Provided data:
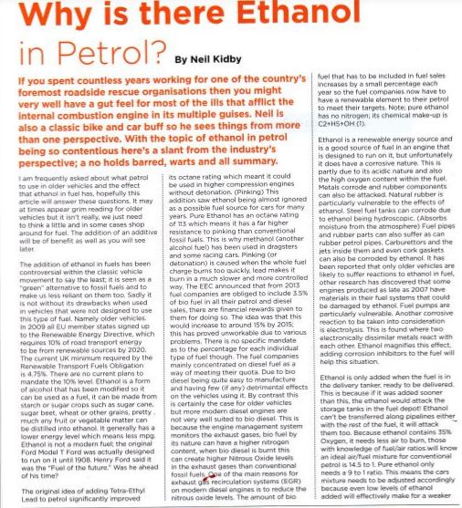 If you look back to previous threads on this subject you will see that E5 is corrosive, let alone E10. In my Mk3 I always use Shell super as I don’t do that many miles. In my day to day car I fill up with super unleaded every fourth tank. I’m also looking around for additives, but the introduction of E10 is just political and, because cars won’t last as long, it’s not as green as they would have you believe.
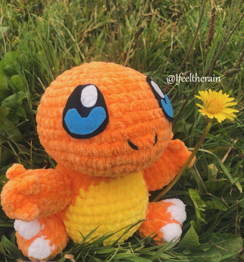 Et puis 1 de mes collègues m’a demandé il y a quelques mois de lui réaliser un Pokemon Salamèche en crochet pour son petit-fils. Et j’étais tombée sur la page insta de Soulmate Crochet quelques jours auparavant où j’avais vu un superbe modèle en français.
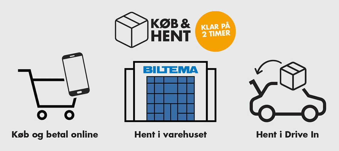 Dersom du har spørsmål knyttet til hvordan Kjøp & Hent-prosessen fungerer, kan du kontakte kundeservice. Våre medarbeidere på kundeservice er klare til å svare på spørsmålene dine på kundeservice@biltema.no eller på 22 22 20 22 (hverdager 08.00-18.00).
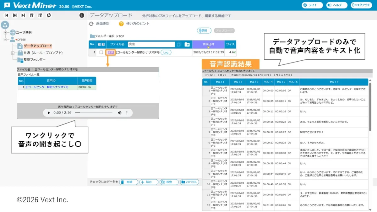 特に興味深いのは、ZIPファイルを利用した複数の音声の一括アップロードに対応している点です。これにより、大量の通話データを効率的にテキストへと変換することができます。音声データがVextMiner上で再生可能であるため、通話の聞き起こしや音声認識結果の確認も簡単です。
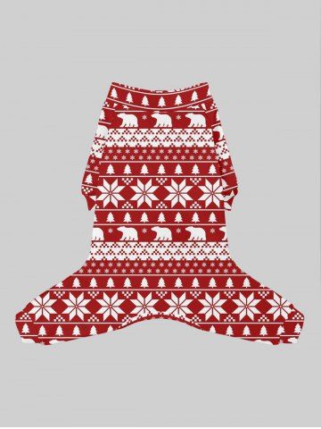 Pet's Christmas Tree Polar Bear Snowflake Print Pajama - Red - L
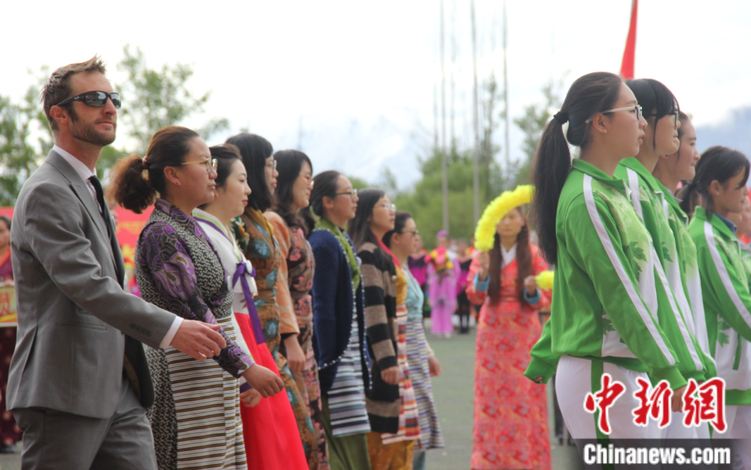 2017年5月11日,西藏大學(xué)舉行第二十八屆田徑運(yùn)動會,數(shù)十名外籍留學(xué)生和外籍教師參加了開幕式。圖為開幕式中旅游與外語學(xué)院方隊 劉蔭 攝
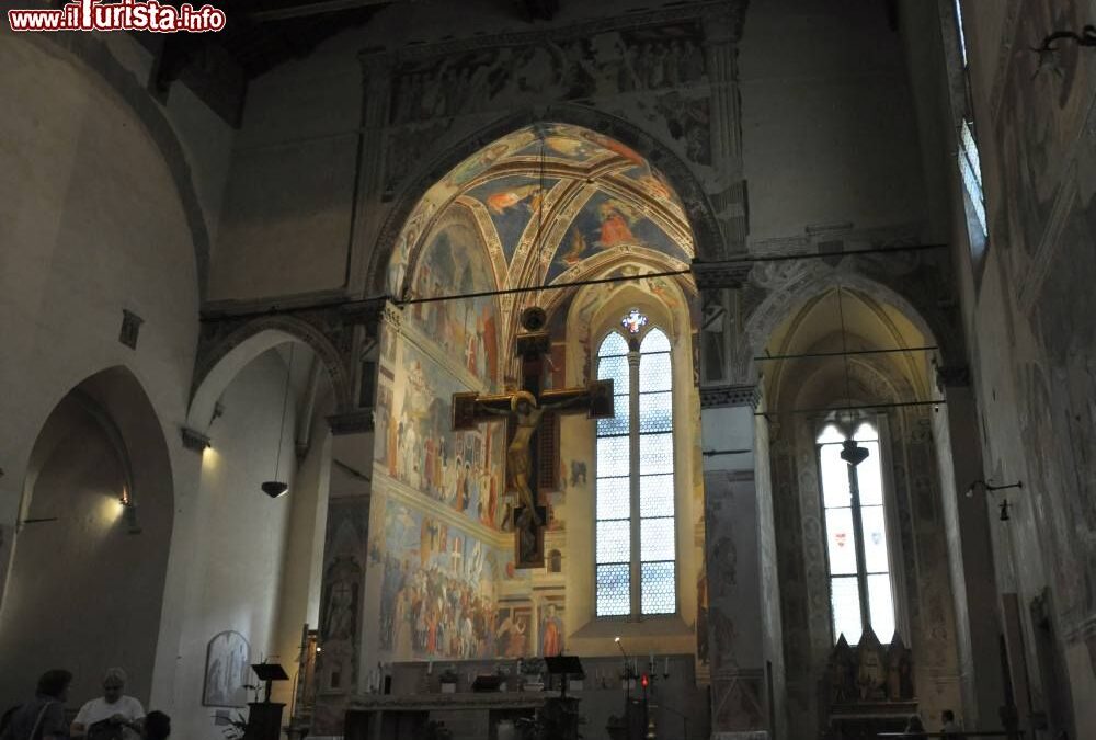 La Cappella maggiore, voluta dall’influente famiglia Bacci, s’adorna di affreschi realizzati nel 1447 da Bicci di Lorenzo, autore dei ritratti dei quattro evangelisti apposti nella volta, dei due dottori della chiesa e del Giudizio Universale a margine dell’arco frontale. Toccò a Piero della Francesca subentrare al predecessore, tant’è che egli portò a termine nel 1466 le quindici scene affrescate della Leggenda della Vera Croce, un ciclo pittorico divenuto assai celebre e perciò preservato da un intervento restaurativo mirato alla fine del quale la cappella si è ritenuta idonea alle visite venendo di fatto musealizzata.
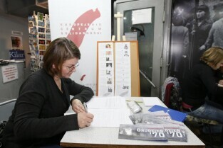 Maraton pisania listów Amnesty International w obronie praw człowieka. Gdańsk, wystawa "Drogi do Wolności"
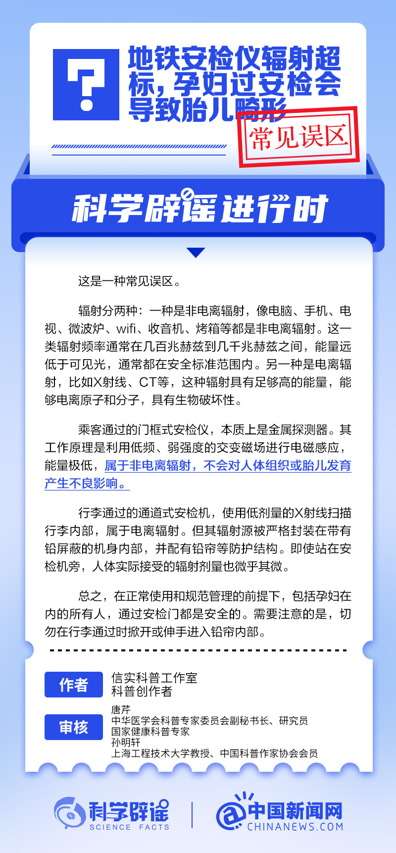乘客通過的門框式安檢儀,本質(zhì)上是金屬探測器。其工作原理是利用低頻、弱強(qiáng)度的交變磁場進(jìn)行電磁感應(yīng),能量極低,屬于非電離輻射,不會對人體組織或胎兒發(fā)育產(chǎn)生不良影響。行李通過的通道式安檢機(jī),使用低劑量的X射線掃描行李內(nèi)部,屬于電離輻射。但其輻射源被嚴(yán)格封裝在帶有鉛屏蔽的機(jī)身內(nèi)部,并配有鉛簾等防護(hù)結(jié)構(gòu)。即使站在安檢機(jī)旁,人體實(shí)際接受的輻射劑量也微乎其微。在正常使用和規(guī)范管理的前提下,包括孕婦在內(nèi)的所有人,通過安檢門都是安全的。(來源:@科學(xué)辟謠 中國新聞網(wǎng)微博)
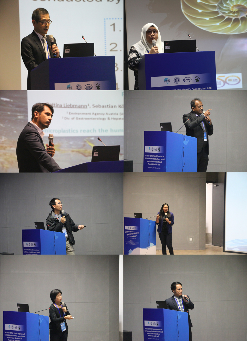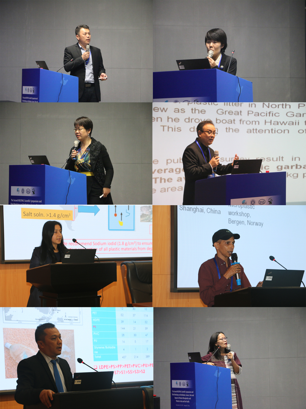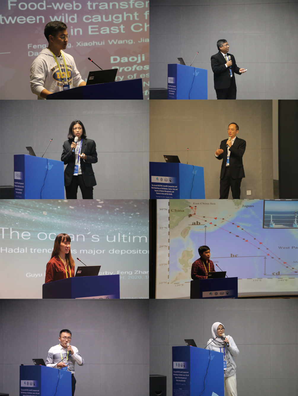 开幕式后,与会的各国专家学者进行了三天的专题系列学术报告和研讨。第一个专题关注海洋微塑料和塑料污染方面最新的监测技术和研究发现,主要包括:研发出了海洋微塑料大体积原位采样技术方法,使深海海洋微塑料定量研究成为可能;通过对海洋生物摄食过程研究,发现了海洋表层漂浮塑料垂向输运机制,揭示海洋微塑料在海洋生物食物网中从底营养级向高营养级传递的新途径;根据实测调查,估算了长江向东海的微塑料输送通量,并建立了中国近海海洋塑料的输运模式;通过大洋的走航调查,首次研究发现了陆源微塑料通过大气向近岸海域及大洋的输送,并给出了亚太区域大气微塑料向西太平洋和东印度洋的输送通量;研究确定了太平洋超深渊海底哈达尔海沟是塑料污染的主要储存地;通过对海洋微塑料的光化学降解过程研究,首次定量给出了主要海洋塑料种类降解产物溶解有机碳的产生速率及海洋微生物对其的利用效率。此外,第一专题会议还对联合国环境署海洋垃圾热点评估方法进行了介绍。

Action item:
Omit the pictures and please write out exactly the lines between the one containing "乘客通過的門框式安檢儀,本質" and the last line of the entries, both included.

Task solution:
乘客通過的門框式安檢儀,本質(zhì)上是金屬探測器。其工作原理是利用低頻、弱強(qiáng)度的交變磁場進(jìn)行電磁感應(yīng),能量極低,屬于非電離輻射,不會對人體組織或胎兒發(fā)育產(chǎn)生不良影響。行李通過的通道式安檢機(jī),使用低劑量的X射線掃描行李內(nèi)部,屬于電離輻射。但其輻射源被嚴(yán)格封裝在帶有鉛屏蔽的機(jī)身內(nèi)部,并配有鉛簾等防護(hù)結(jié)構(gòu)。即使站在安檢機(jī)旁,人體實(shí)際接受的輻射劑量也微乎其微。在正常使用和規(guī)范管理的前提下,包括孕婦在內(nèi)的所有人,通過安檢門都是安全的。(來源:@科學(xué)辟謠 中國新聞網(wǎng)微博)
 开幕式后,与会的各国专家学者进行了三天的专题系列学术报告和研讨。第一个专题关注海洋微塑料和塑料污染方面最新的监测技术和研究发现,主要包括:研发出了海洋微塑料大体积原位采样技术方法,使深海海洋微塑料定量研究成为可能;通过对海洋生物摄食过程研究,发现了海洋表层漂浮塑料垂向输运机制,揭示海洋微塑料在海洋生物食物网中从底营养级向高营养级传递的新途径;根据实测调查,估算了长江向东海的微塑料输送通量,并建立了中国近海海洋塑料的输运模式;通过大洋的走航调查,首次研究发现了陆源微塑料通过大气向近岸海域及大洋的输送,并给出了亚太区域大气微塑料向西太平洋和东印度洋的输送通量;研究确定了太平洋超深渊海底哈达尔海沟是塑料污染的主要储存地;通过对海洋微塑料的光化学降解过程研究,首次定量给出了主要海洋塑料种类降解产物溶解有机碳的产生速率及海洋微生物对其的利用效率。此外,第一专题会议还对联合国环境署海洋垃圾热点评估方法进行了介绍。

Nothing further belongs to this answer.